Victor's IFComp 2023 Reviews

Dr Ludwig and the Devil by SV Linwood

How did Ludwig ever attain his doctorate? Victor Frankenstein never graduated, being a failure at university for having too much interest in the likes of Agrippa and not enough in modern science. And Ludwig is a far more eccentric character than poor Victor ever was! To be sure, his other literary predecessor, Faust, was a bona fide doctor and university lecturer; but Faust would never have stooped to digging up bodies in the graveyard. Faust is more into… well, yes… come to think of it, Faust, the Goethe version that is, is one of the most bizarre and least summarisable books I’ve ever read, and thinking these thoughts makes me want to reread it. (Doesn’t Faust escape from the devil because Mephistopheles is momentarily distracted by sexy angel buttocks?)

Our Dr. Ludwig would never exclaim in such existential despair. He is a mad scientists of the early horror movie variety, here to bring corpses back to life, make deals with the devil, get rid of pitchfork-waving mobs, and, of course, laugh in the very face of God. I think we have to imagine this whole game being shot in black and white, perhaps German expressionist style.

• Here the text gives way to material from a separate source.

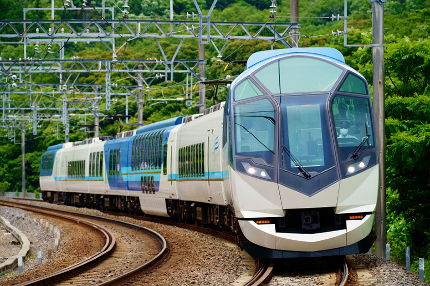 上記までの作例は全てマニュアル(MF)でピントを合わせていましたが、ここでタムロン初搭載のリニアモーターフォーカス機構「VXD (Voice-coil eXtreme-torque Drive)」によるオートフォーカス(AF)を試してみます。まずは列車が正面を向く構図です。被写体に選んだ「しまかぜ」はガラスが大きく、どのタイミングなら架線柱などの障害物が写り込まないか、列車が来てみないとわかりません。要するに事前にMFでピントを合わせることができないので、信頼できるAFが必要になるわけです。AF-Cに設定の上、フォーカスエリアをフレキシブルスポットで列車の鼻先にセット。「VXD」によるAFは音もなく一瞬でピントをあわせてくれ、前後のカットも正確にピントが合っていました。

Dr Ludwig and the Devil is a comic parser puzzler, and it is very good at what it does. The implementation is top-notch, not just from a technical perspective, but also in the sense that many non-necessary actions receive responses that are not merely appropriate, but funny. One feels at every point that the author had fun getting every possibly laugh out of the formula, and one cannot help but join in the fun. It helps that the tone is excellently chosen – mad scientists zaniness, yes, but incongruous daily life elements liberally mixed in – and that the writing is very strong. Here’s a paragraph from the opening text:

This is strong, but it’s the last line that makes it very strong; the perfectly executed contrast between the mad scientist prose and the all-too-quotidian and utilitarian “advancing the sum total of human knowledge” shows that we are in the hands of a writer we can trust. (If I want to be extremely critical, I’d say that you can advance human knowledge, but that you enlarge its sum total. But very few people would notice this in reading. I only noticed it after copy-pasting the passage to single it out for praise!)

Dr Ludwig turns out to be a surprisingly fun character to inhabit. Yes, he is a mad scientist willing to summon the devil, but he is also very human, feeling attracted to the unlettered, muscular, naive Hans (I somehow feel that their shared future will include Lederhosen) and being unwilling to damn his soul. He is also something of a trickster character, which the mad scientist usually is not. Not only does he manage to trick the devil several times, but – and this was an especially nice touch – he even cheats his way through the recipe, every single ingredient that he obtains fulfilling only the letter but never the spirit of the recipe. This presages how we deal with the devil’s contract.

At the end, Ludwig gets ‘a cookie of his own dough’, as we say in Dutch, when the devil starts using this trick against him.

But you can’t beat Ludwig at his own game.

I got stuck a few times with the puzzles, though I suppose I might have solved them myself with a bit more time. One hard spot seemed to be the place where I had to ask the devil about vacations, but this wasn’t even listed as a topic (even though I had already talked about vacations to the shopkeeper). I can easily imagine getting permanently stuck there.

Brian Rushton (Mathbrush) has a theory that IFComp is usually won by a smooth, comic parser game. On the basis of that theory, and even without it, Dr Ludwig seems a serious contender for this year’s prize, because it is exactly the kind of game that Brian is talking about. (I’ll just add the big caveat that there are few enough IFComp votes that random factors play a huge role in the final ranking.)